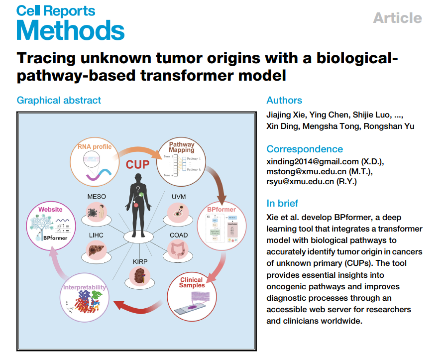 近日,厦门大学信息学院、健康医疗大数据国家研究院俞容山教授课题组在Cell Press旗下期刊Cell Reports Methods上发表了题为 “Tracing unknown tumor origins with a biological-pathway-based transformer model”的最新研究成果。
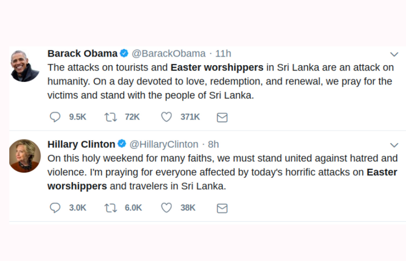 Hillary Clinton: ‘En esta Semana Santa para muchas religiones, debemos mantenernos unidos contra el odio y la violencia. Oro por todos los afectados por los recientes horrorosos ataques contra los adoradores pascuales y viajeros en Sri Lanka’”.
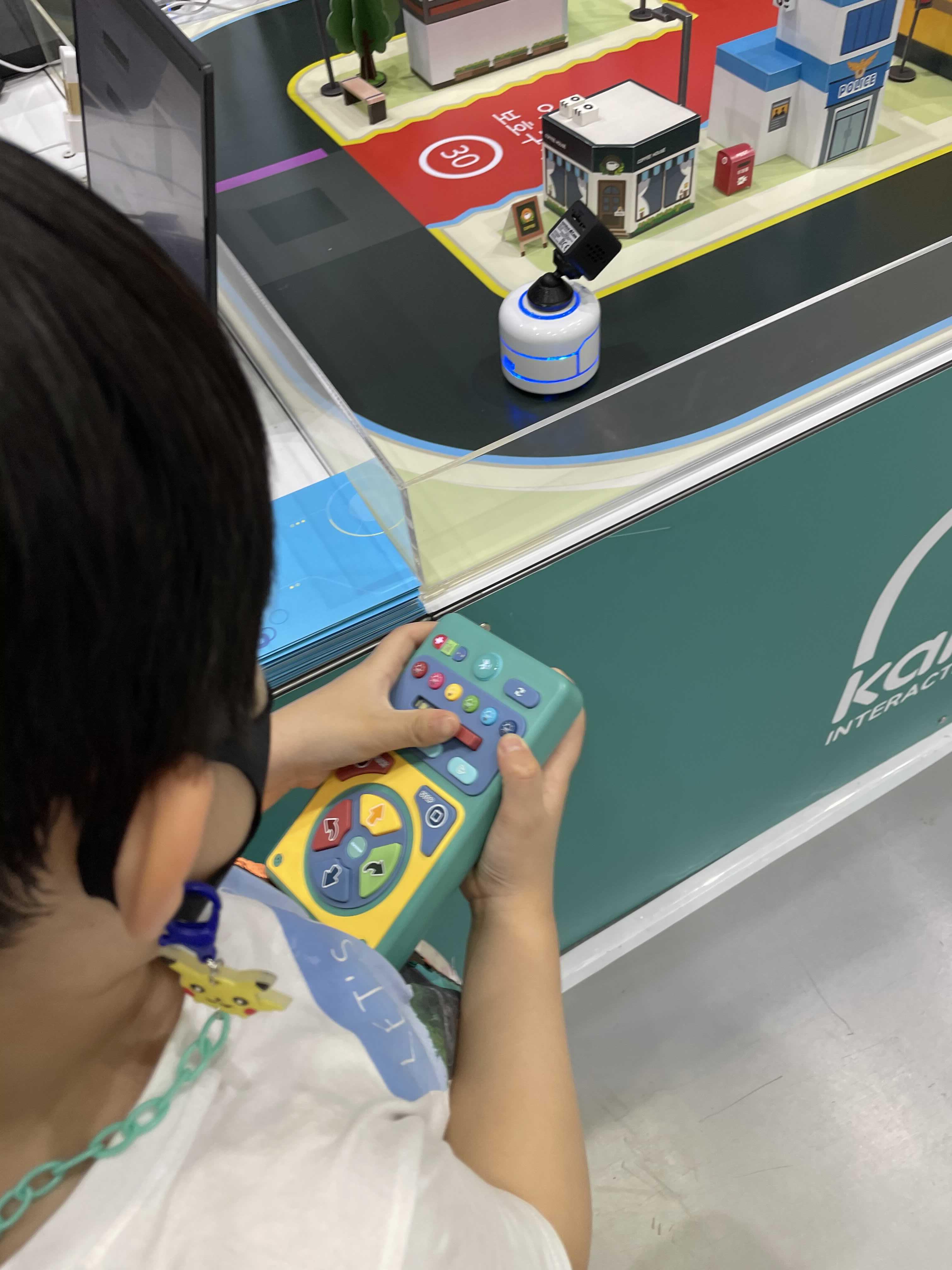 집에서는 패드로 조종했는데 여기엔 조종기가 따로 있으니 신나게 로봇을 주행시켜보는 아이^^
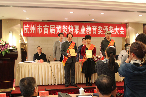 10月31日,杭州市首届黄炎培职业教育奖颁奖大会隆重举行,我校机电工程学院罗晓晔和旅游学院苏永华两位老师获 “杰出教师奖”,工商学院赵建新老师获“优秀理论研究奖”荣誉称号。杭州市副市长、市中华职业教育社主任陈小平出席大会并讲话。大会由杭州市教育局局长沈建平主持。
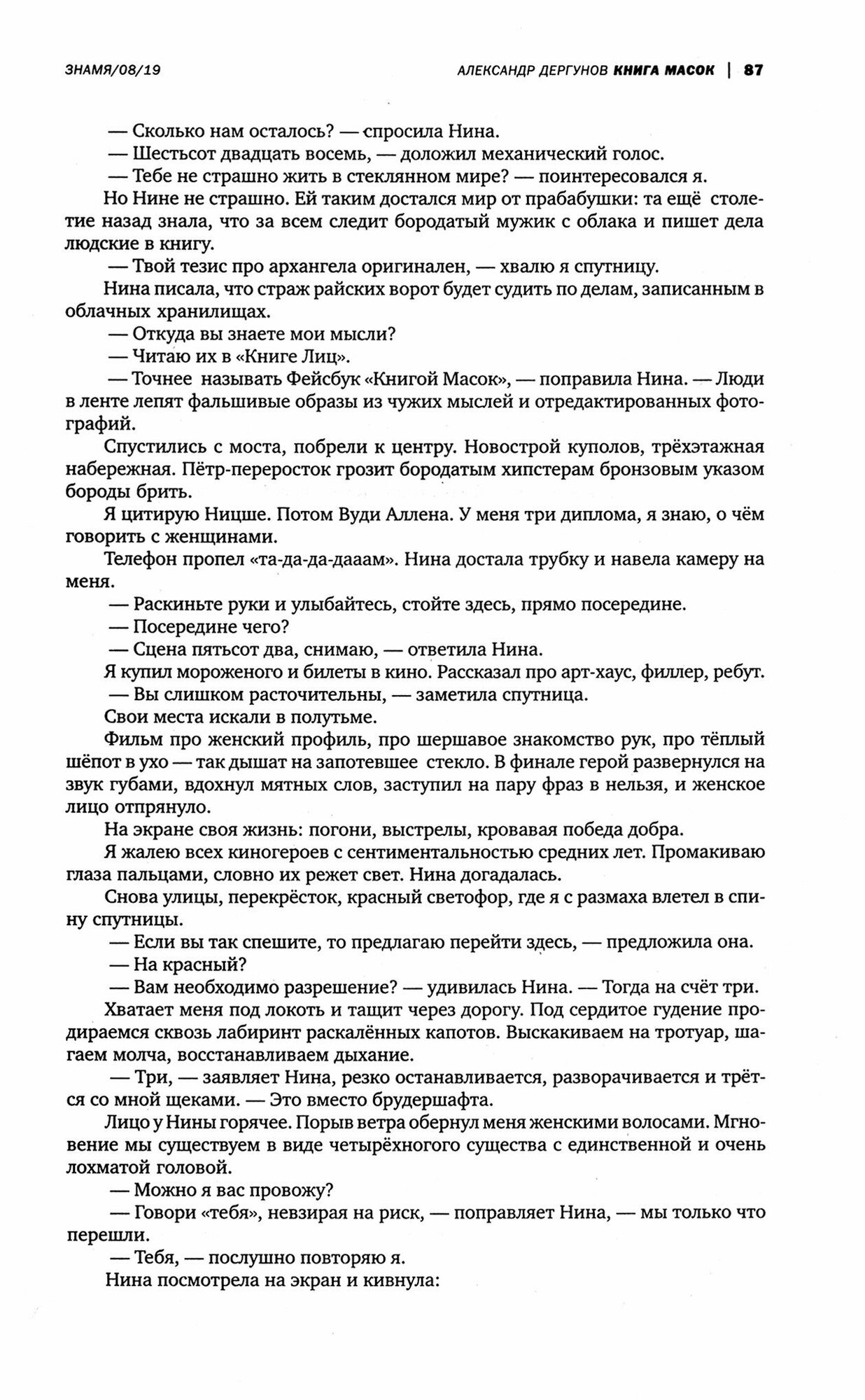 Комментировать можно исключительно с содержательной. Итак, августовский выпуск за 2019 год, характеризует калейдоскоп из стихов и прозы. Они чередуются между собой. Рассказ Александра Дергунова "Книга масок" - короткий, но в образной и живой форме поднимает тему первых знакомств, и как люди через социальные сети контруируют образы себя, отличные от повседневности - с визуальной и внутренней стороны. Ведь мы выбираем удачные ракурсы, постим некие мысли, которые считаем интересными, и вот...можем общаться он-лайн с человеком годами, а когда встречаем в реале - не сразу его и узнаем. И он нас тоже.
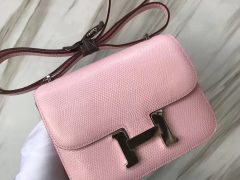 爱马仕Hermes Constance 19cm 5P Pink 樱花粉 Lizard蜥蜴皮 银扣
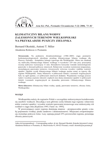 KLIMATYCZNY BILANS WODNY ZALESIONYCH TERENÓW
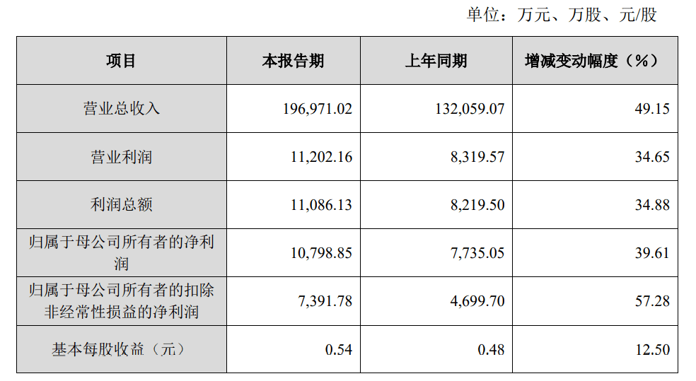 海目星發(fā)布2021年度業(yè)績快報,實現(xiàn)營業(yè)總收入19.70億元,同比增長49.15%;歸屬于母公司所有者的凈利潤1.08億元,同比增長39.61%;歸屬于母公司所有者的扣除非經(jīng)常性損益的凈利潤7391.78萬元,同比增長57.28%;基本每股收益0.54元。
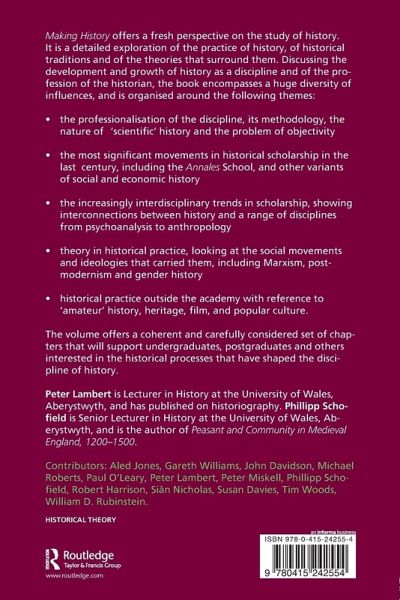 Making History offers a fresh perspective on the study of the past. It is an exhaustive exploration of the practice of history, historical traditions and the theories that surround them. Discussing the development and growth of history as a discipline and of the profession of the historian, the book encompasses a huge diversity of influences, organized around the following themes: the professionalization of the discipline the most significant movements in historical scholarship in the last century, including the Annales School the increasing interdisciplinary trends in scholarship theory in historical practice including Marxism, post-modernism and gender history historical practice outside the academy. The volume offers a coherent set of chapters to support undergraduates, postgraduates and others interested in the historical processes that have shaped the discipline of history.

----

:: INSTRUCTIONS FOR THE TASK ::
Would you copy the lines above exactly, starting with the one that has "爱马仕Hermes Constance 19cm" and ending with the one that has "海目星發(fā)布2021年", both included, without the pictures?

:: EXPECTED ANSWER ::
 爱马仕Hermes Constance 19cm 5P Pink 樱花粉 Lizard蜥蜴皮 银扣
 KLIMATYCZNY BILANS WODNY ZALESIONYCH TERENÓW
 海目星發(fā)布2021年度業(yè)績快報,實現(xiàn)營業(yè)總收入19.70億元,同比增長49.15%;歸屬于母公司所有者的凈利潤1.08億元,同比增長39.61%;歸屬于母公司所有者的扣除非經(jīng)常性損益的凈利潤7391.78萬元,同比增長57.28%;基本每股收益0.54元。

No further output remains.